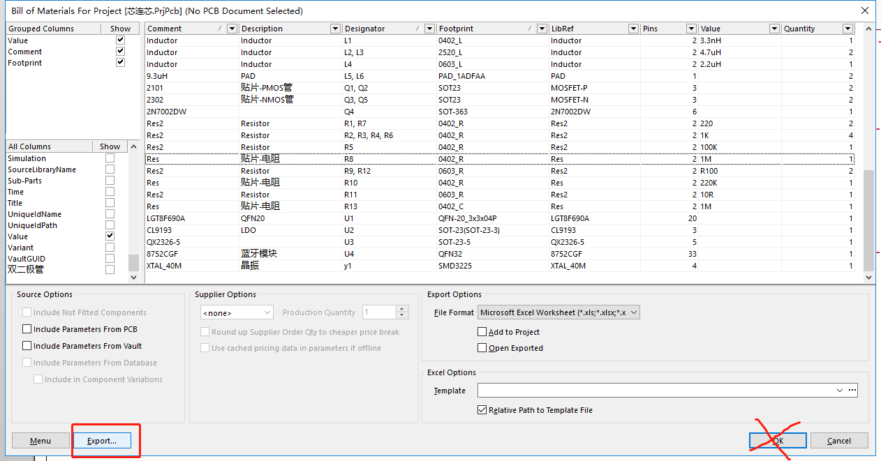 参数和表头设置好后,接着就是导出BOM表了,这里是选择下面的Export(导出)按钮,而不是选择OK按钮。
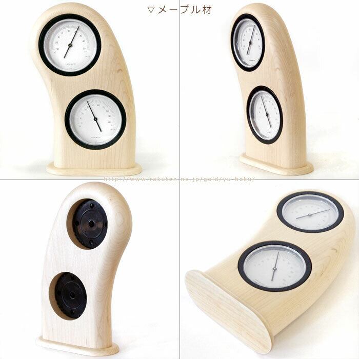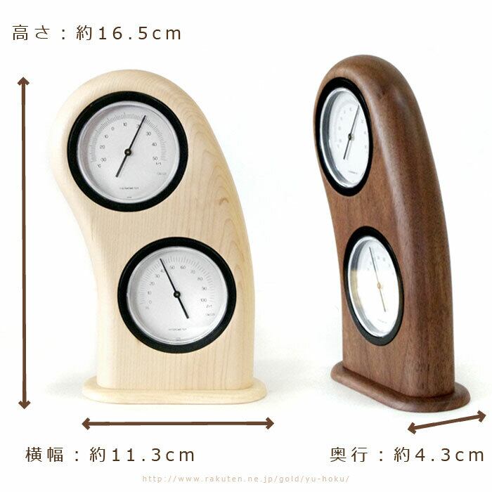 にっこりと笑っている様子をイメージした、滑らかな曲線がやさしい置き型タイプの室内用の木製温湿度計です。
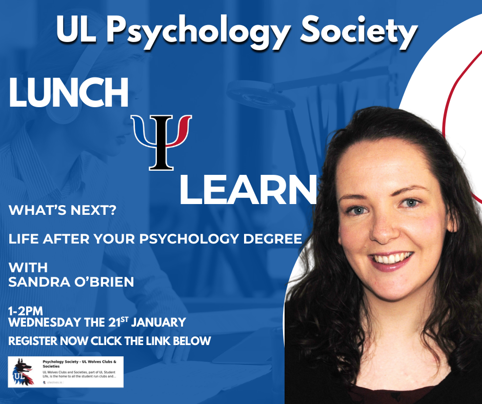 "Our next Lunch and Learn is a special one. When we asked students to give us one word about our next speaker, students said " legend", " present" "Sandra is what's the best thing about the course", and finally, how would you phrase someone that takes time to get to know everybody individually and remember them years later?We are so delighted and proud to have the wonderful Sandra O 'Brien as our next Lunch and Learn speakerSandra O’Brien is a Senior Technical Officer in the Department of Psychology at the University of Limerick. She completed her BA degree in Psychology from 2000-2003, followed by an MSc in Neuropharmacology from 2003-2005, both at the University of Galway (UoG). She took two years away from academia to work in a record shop before returning for two years, working as a Research and Teaching Assistant in Pharmacology at UoG, a Lecturer in Pharmacology in both TUS Athlone and UoG and a Technical Officer at UoG. She completed her PhD in Pharmacology, also at UoG, between 2009 and 2012. Spotting a pattern in her academic affiliations, she began her current role at UL in 2012. In her role as part of the Psychtech team, she is one of the contact points for technical expertise in the areas of Psychology research and teaching for 400 Undergraduates, 100 Masters students, 40 PhD students, 50 Clinical Psychology Trainees and 50 Staff.Lunch & Learn: What's Next? Life after your psychology degree.We’re absolutely delighted to kick off our first-ever Virtual Lunch & Learn Series with the University of Limerick Psychological Society! This series is all about exploring life after your psychology degree, featuring real stories, unexpected turns, challenges, and the opportunities that open up once you step beyond the classroom.Each session, we’ll be joined by both past UL psychology students and other fantastic guests who all started exactly where you are now: with a passion for psychology. They’ve since gone on to take very different, and equally inspiring, career paths.Our speakers will share their educational journeys, the decisions that shaped their careers, and what their day-to-day work actually looks like now. Whether you’re curious, confused, excited, or all of the above, this series is here to give you real insight, real guidance, and a whole lot of inspiration.We can’t wait to learn, connect, and grow together. Let’s make this an amazing start to something special!"
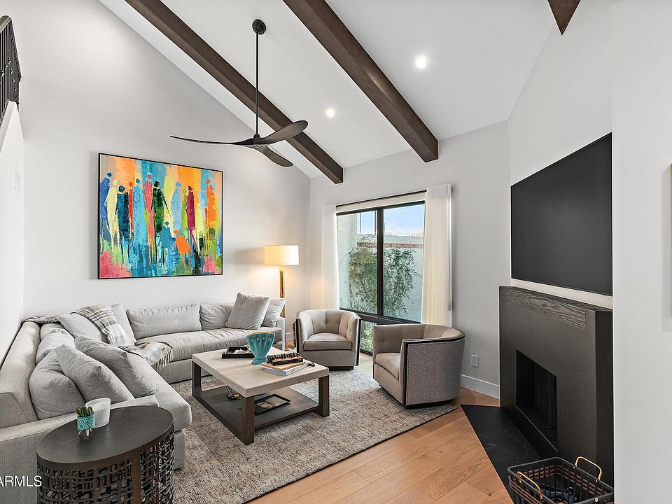 Biltmore townhouse transformed through meticulous renovation. Taken down to the studs, raising ceilings, enlarged openings to maximize natural light. Walls & ceilings insulated w open & closed cell foam for thermal efficiency. All windows & doors replaced w Milguard C650. Upgraded w solar power, water filtration t/o, 2 HVACs. Beautiful shaker cabinets, Quartzite counters, GE appliances, Kohler fixtures, w hand painted tiles in kitchen. Soaring ceilings in living room w/ metal fireplace surround. Custom wrought iron banister w hand painted tile accents leads to Primary suite w spacious bath, walk in closet, plus laundry room & office nook. Lush backyard w turf lawn, charming fountain, new lighting & drip system. This property was carefully designed blending luxury w modern technology

**ABOUT THIS EXERCISE:** Reproduce the listing verbatim, pictures excluded.

**SOLVED EXERCISE:**
 参数和表头设置好后,接着就是导出BOM表了,这里是选择下面的Export(导出)按钮,而不是选择OK按钮。
 にっこりと笑っている様子をイメージした、滑らかな曲線がやさしい置き型タイプの室内用の木製温湿度計です。
 "Our next Lunch and Learn is a special one. When we asked students to give us one word about our next speaker, students said " legend", " present" "Sandra is what's the best thing about the course", and finally, how would you phrase someone that takes time to get to know everybody individually and remember them years later?We are so delighted and proud to have the wonderful Sandra O 'Brien as our next Lunch and Learn speakerSandra O’Brien is a Senior Technical Officer in the Department of Psychology at the University of Limerick. She completed her BA degree in Psychology from 2000-2003, followed by an MSc in Neuropharmacology from 2003-2005, both at the University of Galway (UoG). She took two years away from academia to work in a record shop before returning for two years, working as a Research and Teaching Assistant in Pharmacology at UoG, a Lecturer in Pharmacology in both TUS Athlone and UoG and a Technical Officer at UoG. She completed her PhD in Pharmacology, also at UoG, between 2009 and 2012. Spotting a pattern in her academic affiliations, she began her current role at UL in 2012. In her role as part of the Psychtech team, she is one of the contact points for technical expertise in the areas of Psychology research and teaching for 400 Undergraduates, 100 Masters students, 40 PhD students, 50 Clinical Psychology Trainees and 50 Staff.Lunch & Learn: What's Next? Life after your psychology degree.We’re absolutely delighted to kick off our first-ever Virtual Lunch & Learn Series with the University of Limerick Psychological Society! This series is all about exploring life after your psychology degree, featuring real stories, unexpected turns, challenges, and the opportunities that open up once you step beyond the classroom.Each session, we’ll be joined by both past UL psychology students and other fantastic guests who all started exactly where you are now: with a passion for psychology. They’ve since gone on to take very different, and equally inspiring, career paths.Our speakers will share their educational journeys, the decisions that shaped their careers, and what their day-to-day work actually looks like now. Whether you’re curious, confused, excited, or all of the above, this series is here to give you real insight, real guidance, and a whole lot of inspiration.We can’t wait to learn, connect, and grow together. Let’s make this an amazing start to something special!"
 Biltmore townhouse transformed through meticulous renovation. Taken down to the studs, raising ceilings, enlarged openings to maximize natural light. Walls & ceilings insulated w open & closed cell foam for thermal efficiency. All windows & doors replaced w Milguard C650. Upgraded w solar power, water filtration t/o, 2 HVACs. Beautiful shaker cabinets, Quartzite counters, GE appliances, Kohler fixtures, w hand painted tiles in kitchen. Soaring ceilings in living room w/ metal fireplace surround. Custom wrought iron banister w hand painted tile accents leads to Primary suite w spacious bath, walk in closet, plus laundry room & office nook. Lush backyard w turf lawn, charming fountain, new lighting & drip system. This property was carefully designed blending luxury w modern technology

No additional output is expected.